Copy out exactly, from the entries that follow, the line holding "auf der kleinen", the line holding "In der Nacht", and all lines between them, but no pictures.

-- TASK INPUTS follows --

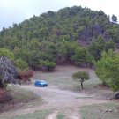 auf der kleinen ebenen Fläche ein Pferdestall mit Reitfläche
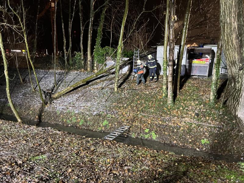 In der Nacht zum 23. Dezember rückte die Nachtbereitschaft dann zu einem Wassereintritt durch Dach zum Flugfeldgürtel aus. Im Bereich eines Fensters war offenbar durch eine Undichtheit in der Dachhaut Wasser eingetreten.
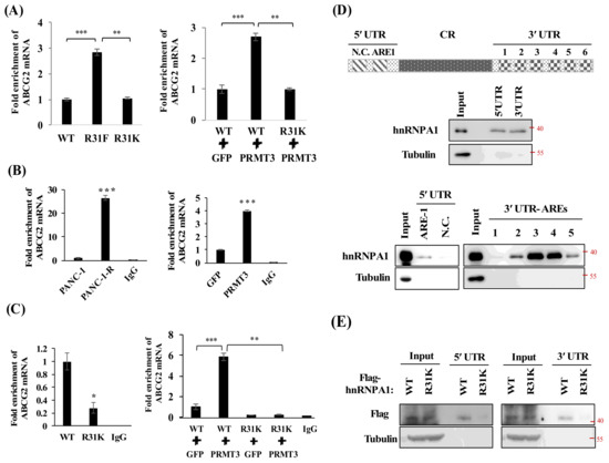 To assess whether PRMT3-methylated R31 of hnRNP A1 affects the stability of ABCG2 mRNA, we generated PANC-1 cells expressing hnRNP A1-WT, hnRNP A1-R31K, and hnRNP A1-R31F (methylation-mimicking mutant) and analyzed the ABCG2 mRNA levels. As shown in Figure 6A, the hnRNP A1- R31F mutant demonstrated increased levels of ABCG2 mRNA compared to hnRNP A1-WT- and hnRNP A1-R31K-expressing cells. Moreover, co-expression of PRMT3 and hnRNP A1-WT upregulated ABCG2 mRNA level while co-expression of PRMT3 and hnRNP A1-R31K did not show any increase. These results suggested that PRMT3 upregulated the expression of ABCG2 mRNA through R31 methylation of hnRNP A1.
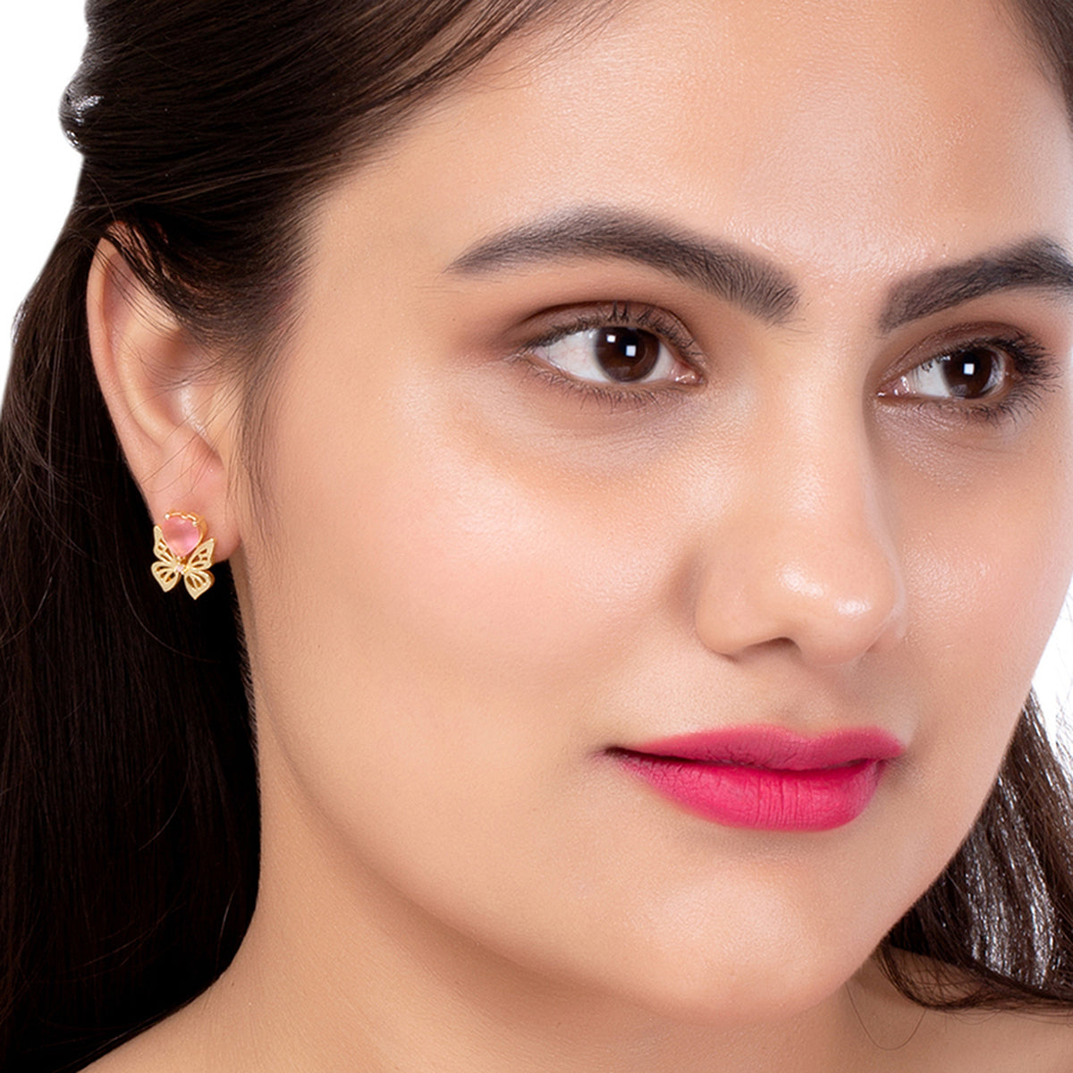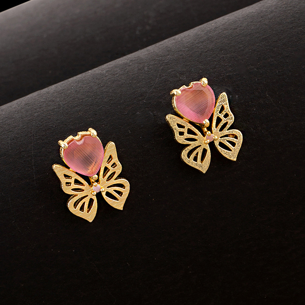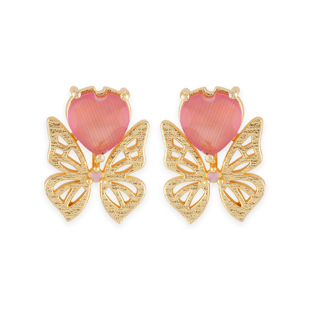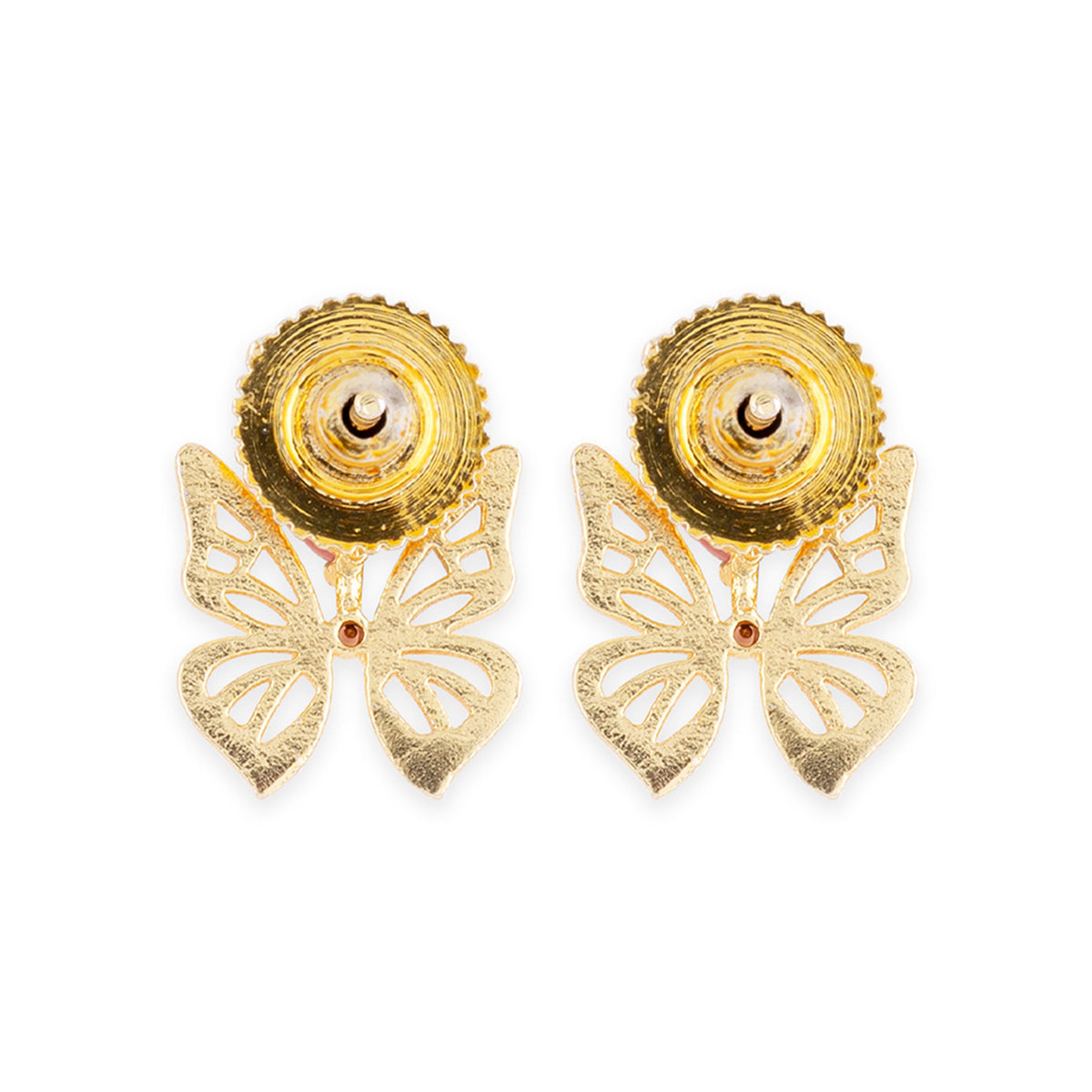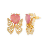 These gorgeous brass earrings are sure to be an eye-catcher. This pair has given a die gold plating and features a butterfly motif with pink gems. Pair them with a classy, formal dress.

-- TASK INPUTS concluded --
-- TASK INPUTS follows --

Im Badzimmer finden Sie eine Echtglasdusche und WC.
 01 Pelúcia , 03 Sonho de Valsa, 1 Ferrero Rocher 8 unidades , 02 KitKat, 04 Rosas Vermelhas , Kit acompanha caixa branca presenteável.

-- TASK INPUTS concluded --

_ANSWER FOR THE TASK:_
 auf der kleinen ebenen Fläche ein Pferdestall mit Reitfläche
 In der Nacht zum 23. Dezember rückte die Nachtbereitschaft dann zu einem Wassereintritt durch Dach zum Flugfeldgürtel aus. Im Bereich eines Fensters war offenbar durch eine Undichtheit in der Dachhaut Wasser eingetreten.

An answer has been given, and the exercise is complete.